Tricks and Tips for DP2 (Continuously Updated)

  • Save MainPage Last: Always prioritize saving the main page last to prevent the inclusion of data from external sources.

  • Reparse Instead of Download: Opt for reparsing over downloading to refresh data; wait for the HasNew1 signal to confirm new content before proceeding.

  • Post-Modification Workflow: After making changes, initiate a batch reparse, run HasNew1, and then push the study to apply updates.

  • Maintaining Data Structure Integrity:

    • Incorporate the dp2_id field into the detail structure by default to prevent reference errors in data_out.

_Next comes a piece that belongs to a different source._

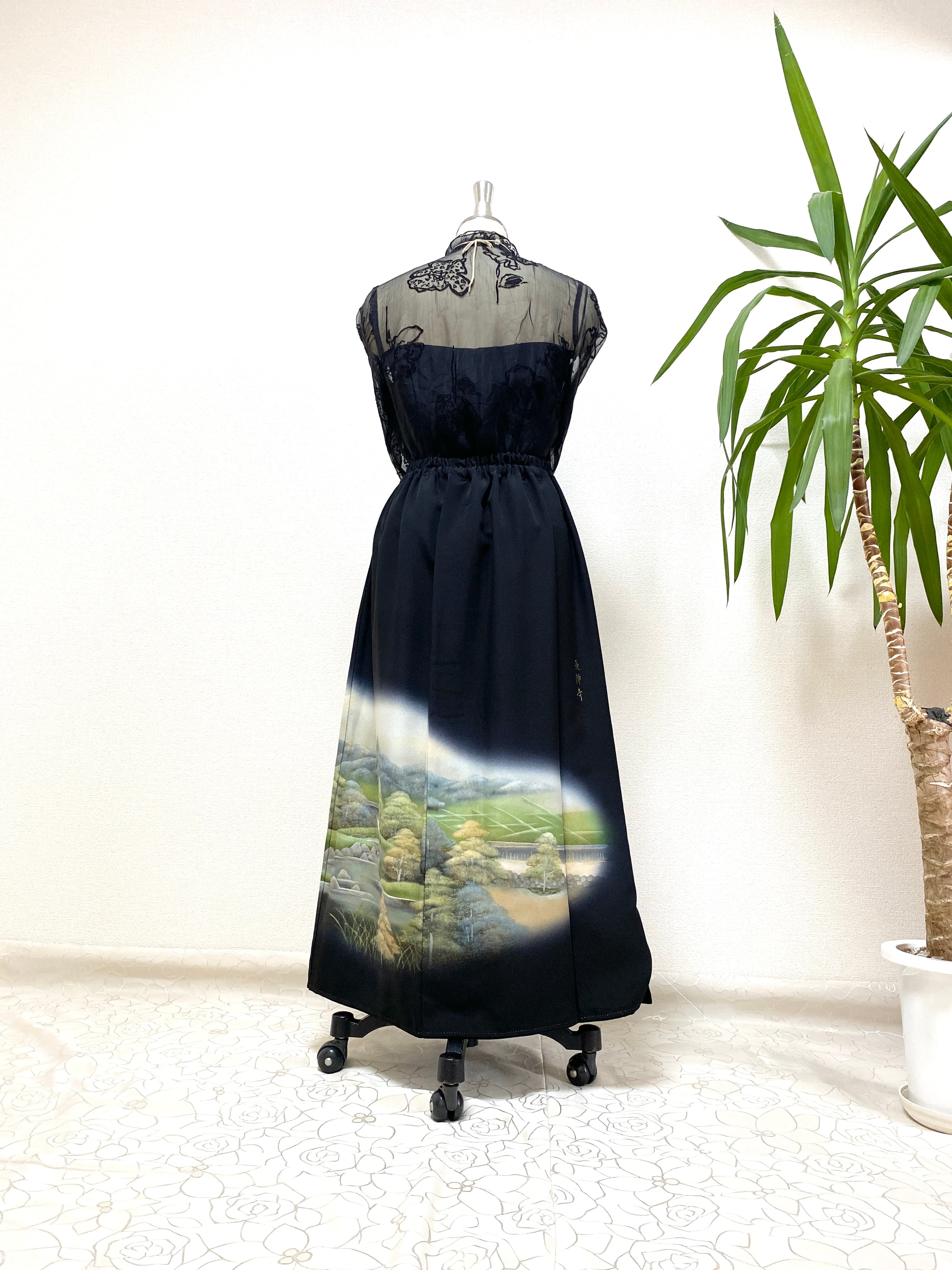 黒留袖着物リメイクウエストゴムロングドレススカートフリーサイズ【超ロング丈】

  • Updating Data Processing Workflow:

    • Merely updating the study is insufficient for data refresh; execute HasNew1 and then push study to ensure updates are applied.

  • Utilizing dp2_id:

    • The dp2_id serves as a unique identifier for each detail page, unlike the category_id which can be repeated across pages.

    • In MongoDB, employ dp2_id as the primary unique identifier for data entries.

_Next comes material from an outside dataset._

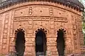 The Radha-Vinoda Temple in Bishnupur, located in the Khar Bangla area, is one of the two at-chala style temples in the region. Despite significant damage to the upper roof and entrance wall, the temple remains an important architectural and historical site.[3] This temple is particularly notable for its intricate design and its unique at-chala construction, where the roof consists of eight sections. However, due to a narrow break between the upper and lower roof sections, the temple gives the impression of a char-chala structure, which typically features four sloping roofs. Facing east, the temple stands on a nearly square plinth measuring approximately 6.4 meters in length and 6.2 meters in breadth. The overall height of the temple is about 10.7 meters. Despite the collapse of some parts of the structure, the temple's rich decorative elements would have originally showcased the craftsmanship of the time. The temple's construction reflects the cultural influence of Vaishnavism and the patronage of local rulers like Raghunatha Singha during the 17th century.[1]

  • Managing Multi-Step Task Parameters:

    • For tasks involving multiple steps, transmit essential parameters via extra_data.

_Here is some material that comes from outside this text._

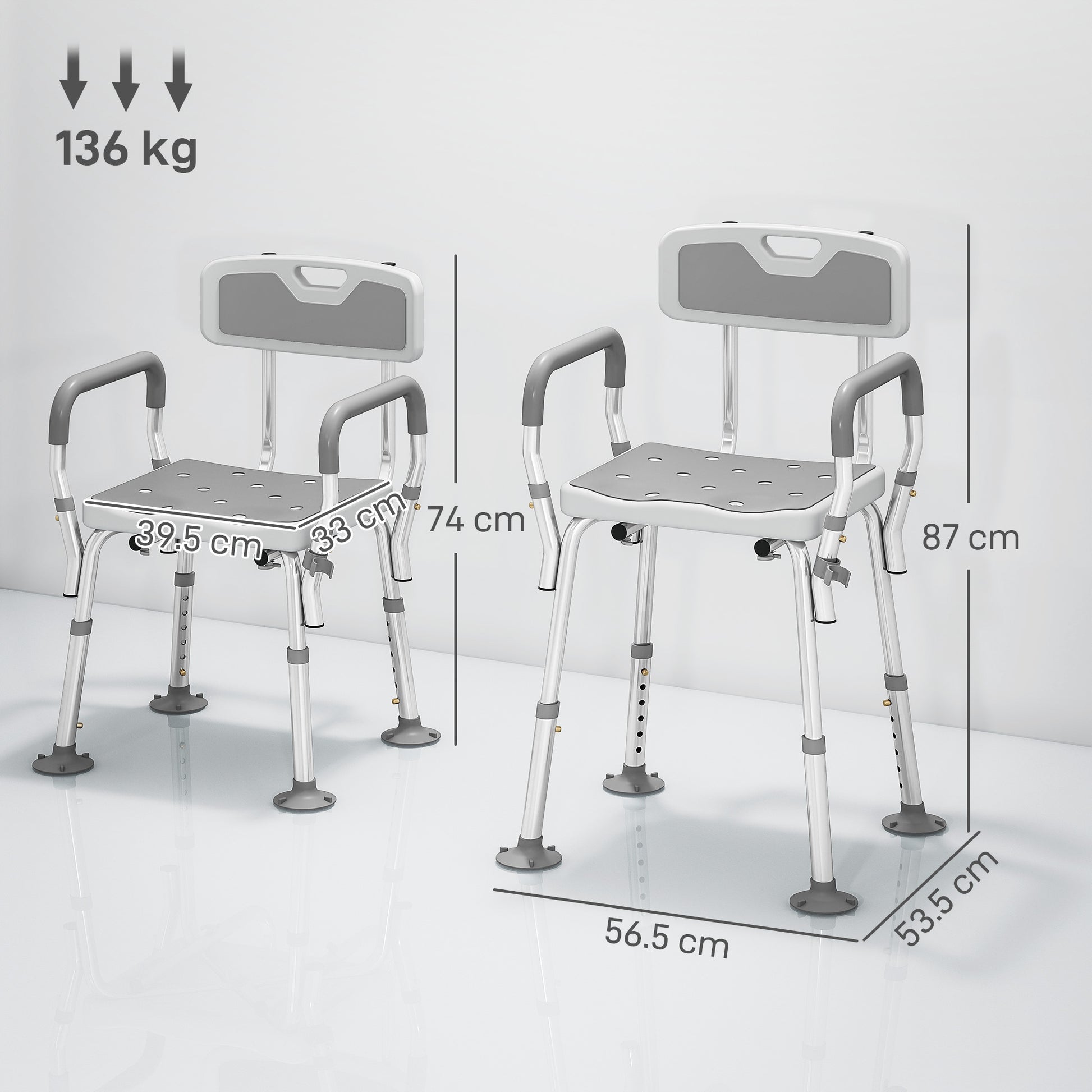 HOMCOM EVA Padded Shower Chair for the Elderly and Disabled, Height Adjustable Shower Stool with Back and Arms, 4 Suction Foot Pads, Light Grey

  • Extracting Information from TASK:

    • Extract various fields such as TASK_url and TASK_extra_data from the TASK object.

    • Use TASK_extra_data to retrieve specific details, including category_id.

  • Project and Task Correlation:

    • A single project_name may encompass numerous tasks, each with a unique id.

  • Extracting Details with Jexter:

    • In Jexter, leverage TASK_extra_data to extract detailed information like category_id.

  • Focus on NMPA Approved Drugs:

    • Prioritize drugs approved by the NMPA, especially those with a “National Medicine Permission” number. Exclude veterinary drugs and supplements. Use the NMPA website for verification if needed to ensure data accuracy and efficiency.

  • Data Association:

    • When the project name (project_name) and URL remain the same, updates to new projects will automatically be associated with the original task (task) location.

  • Save JSON In Jexter:

    • In Jexter, when you click on the configuration window, the content you see will be push ed to the next step and displayed in dataout. If needed, remember to Save the JSON. The test parse of each step is very important, so that the default parsing mechanism of Jexter is not used during the push.

  • Handling Pharmaceutical Product Information Leaflets:

    • In the case of pharmaceutical product information leaflets, please ensure to directly extract and append them to the attachment field.

  • Multiple Link Handling for Data Input:

    • When faced with the need to process multiple links, structure them as an array in the data_in field. This approach facilitates the generation of multiple next steps, each corresponding to a unique link in the array.